===== INFORMATION SHOWN

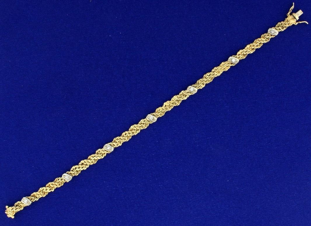 In 14k yellow and white gold, containing seven high quality .01ct diamonds SI clarity/H color. 5mm wide with safety clasp. 10.5g.
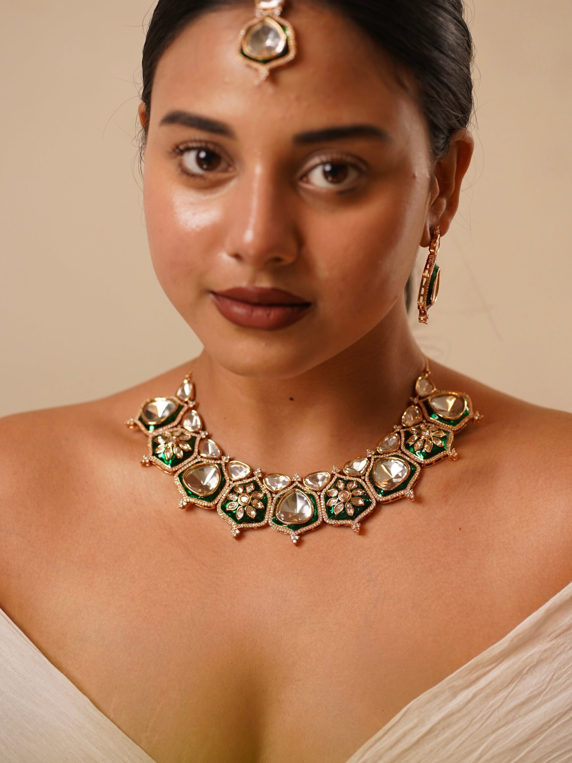 Experience elegance with the Verdant Splendor Polki Necklace Set. Adorned with striking green enamel and intricate Polki stones, this set enhances your charm for festive and wedding occasions, blending traditional artistry with modern flair.
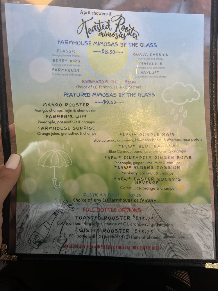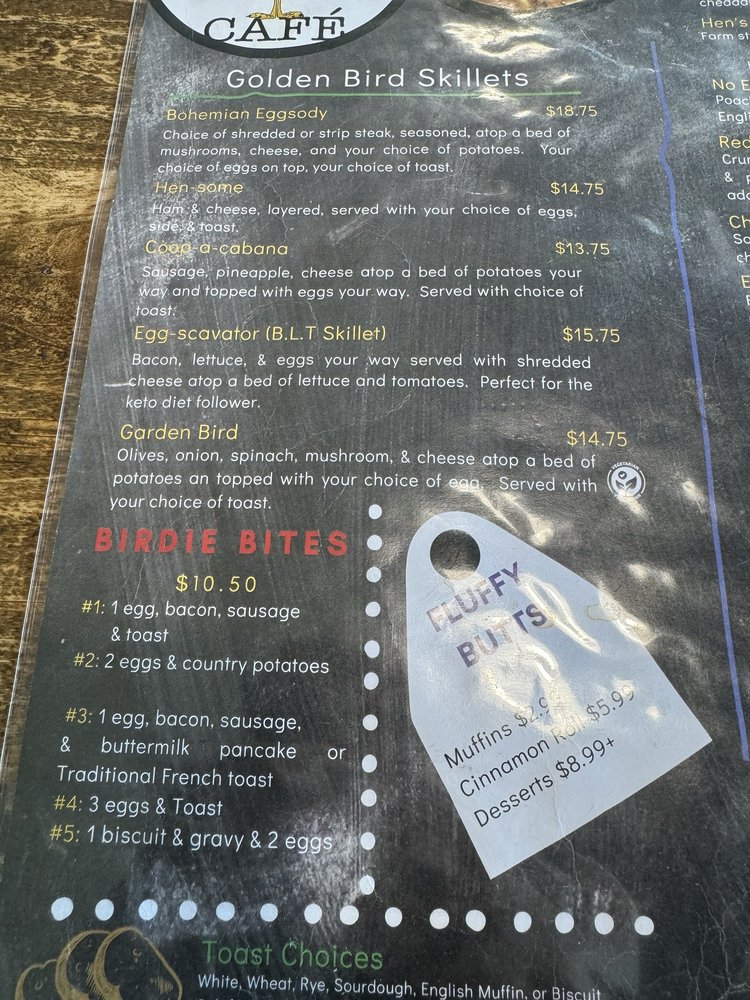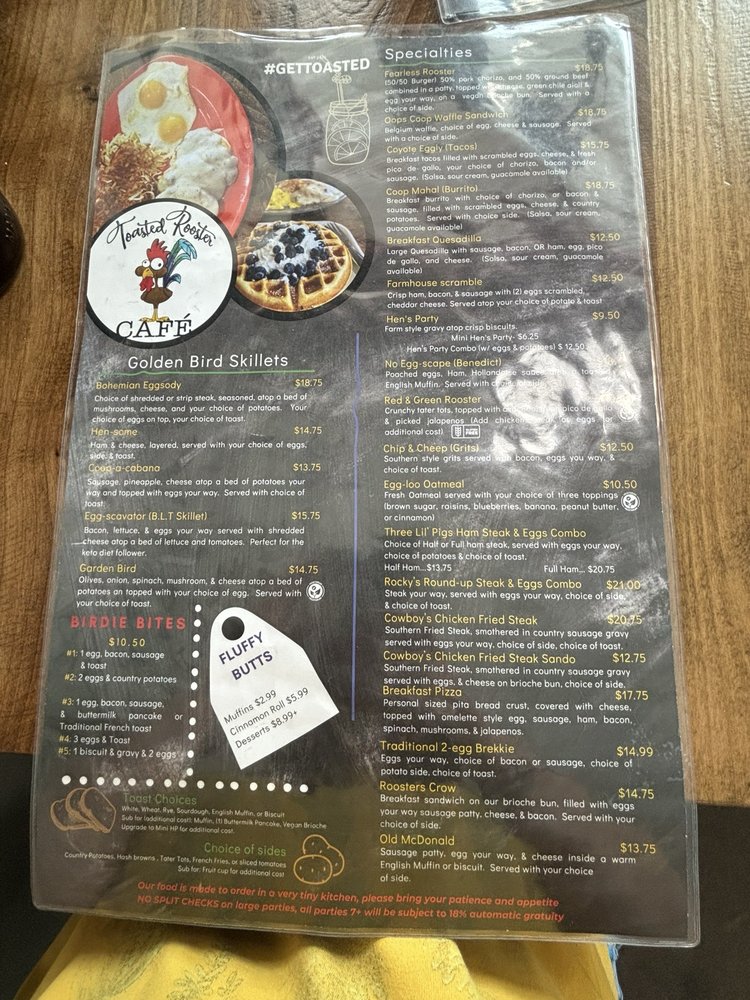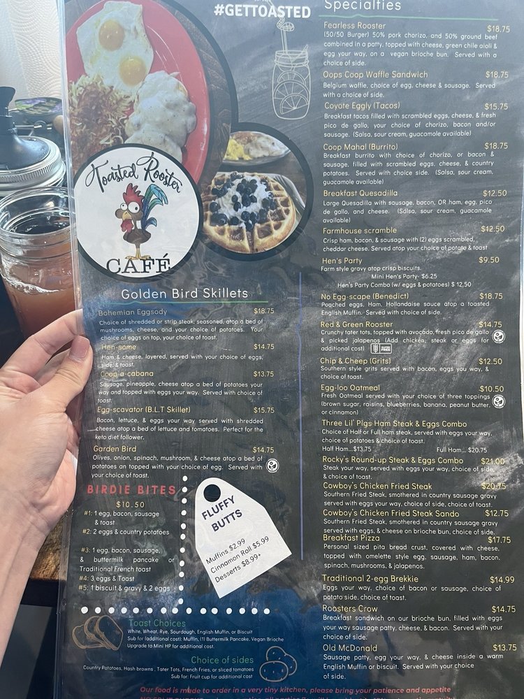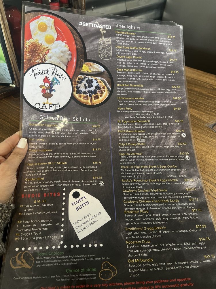 Toasted Rooster Cafe, located in Sacramento, offers a diverse menu featuring burgers, cocktails, and breakfast/brunch options. With vegan and vegetarian choices, wheelchair accessibility, and various payment options including cryptocurrency, it caters to a wide range of diners. The Chef's Special, Biscuit Brigade, is a crowd favorite, showcasing a delicious blend of sausage, cheese, egg, and country gravy on a crisp biscuit. Customer reviews highlight the warm, welcoming atmosphere, generous portion sizes, and friendly service. The menu, although extensive, may require some patience due to the small kitchen, but the flavor-packed dishes make it worth the wait. Overall, Toasted Rooster Cafe is a hidden gem in the Arden area, offering a delightful dining experience for breakfast or brunch enthusiasts.
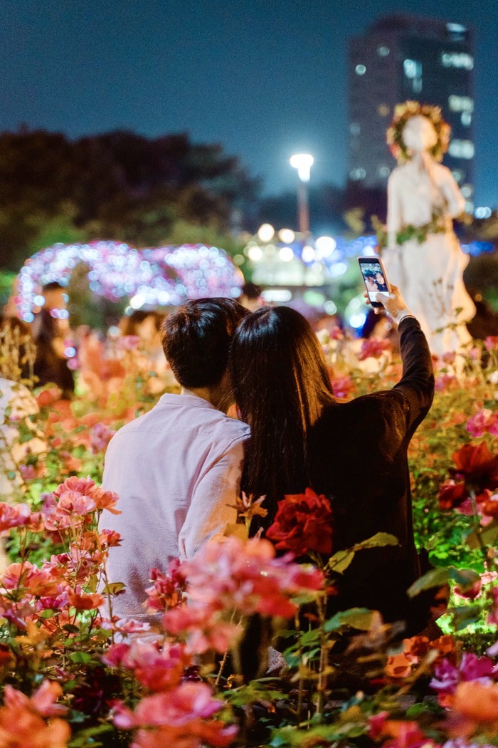 ☞ 25일(토) 저녁 서울장미축제를 찾은 연인이 야간 조명이 켜진 수림대 장미정원에서 장미꽃을 배경으로 사진을 찍고 있다.

==========

WHAT IS EXPECTED:
From the very first line of the listing above through the line that holds "Experience elegance with", write out each line exactly as it stands, leaving pictures out.

RESPONSE TO THE EXERCISE:
 In 14k yellow and white gold, containing seven high quality .01ct diamonds SI clarity/H color. 5mm wide with safety clasp. 10.5g.
 Experience elegance with the Verdant Splendor Polki Necklace Set. Adorned with striking green enamel and intricate Polki stones, this set enhances your charm for festive and wedding occasions, blending traditional artistry with modern flair.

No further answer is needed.